Is it any wonder that my oldest brother stated frankly,
“We hated to see him come home on Friday, and we were relieved to see him go on Monday.”
He says this in a recorded conversation, as though this is the most normal thing in the world. It is clear they have no idea just how utterly fucked-up that sounds. They hated to see their father come home at the end of the week — but they never asked themselves why, never asked themselves where that idea came from, who put it into their heads.
It’s called “parental alienation” and it usually happens AFTER a divorce, not before:
Children instinctively love both parents and identify with both as part of themselves. They feel immense stress when that love is threatened. Therefore, when a child is told that one of their parents is bad, they feel as though they themselves are bad. This arouses in them feelings of shame, uncertainty, fear and guilt.
It is critical to a child’s sense of security and self-esteem that they be allowed to love both of their biological parents. This doesn’t mean you have to condone bad behavior.

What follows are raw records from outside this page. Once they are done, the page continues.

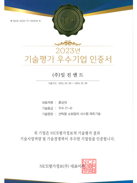 [NICE평가정보] 기술평가 우수기업 인증서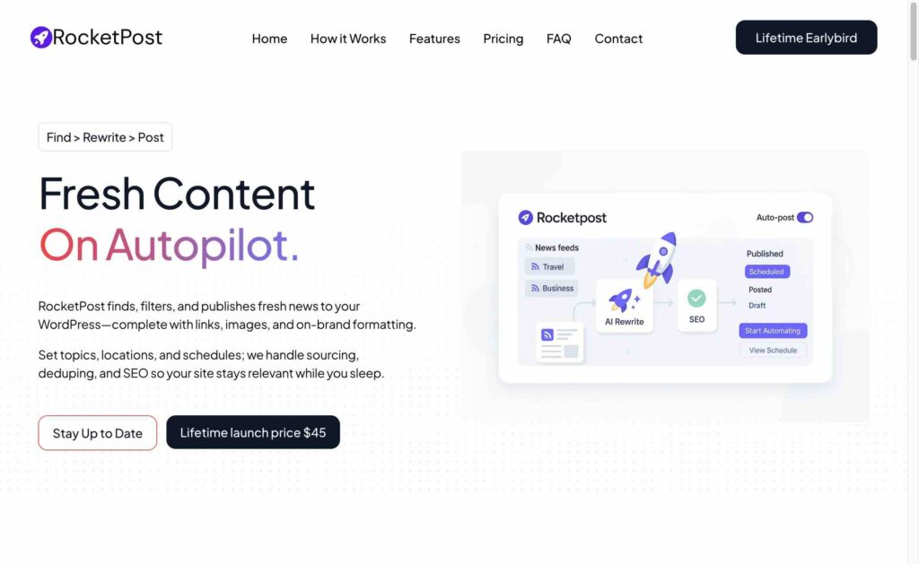RocketPost is a WordPress plugin and companion marketing site that I designed and built end-to-end. The plugin automates a full publishing workflow—discovering relevant news via RSS, rewriting for clarity and SEO, enriching links and media, then publishing on a recurring schedule. The site at RocketPost.pro promotes the product, handles licensing and downloads, and provides docs/FAQs.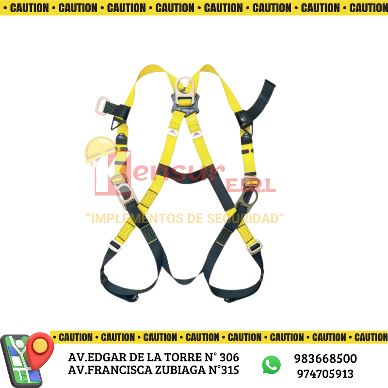 Formado por correas de piernas y hombros que sujetan el cuerpo para contrarrestar la fuerza de impacto; y con capacidad de soportar hasta 140 kg por trabajador. Cuenta con manual de instrucciones.

It does mean though that you have to allow the child to love who they love and feel what they feel without shame or punishment or control or manipulation.
It’s also common for people with Personality Disorders to launch distortion campaigns about the other parent and involve the children either directly or indirectly. This is toxic and highly destructive.
It is a stunning testament to the effectiveness of subtle blame-mongering over a lifetime that my nominally-genius-level sister can write to me,
“If you had a bad relationship with Mom, please think about the fact that Dad certainly colored your opinion — and as a 6-,7-, or 8- year old, you would not have even been aware of it”.
Yet she seems completely unaware that the reverse was also true — and to a far, far greater extent.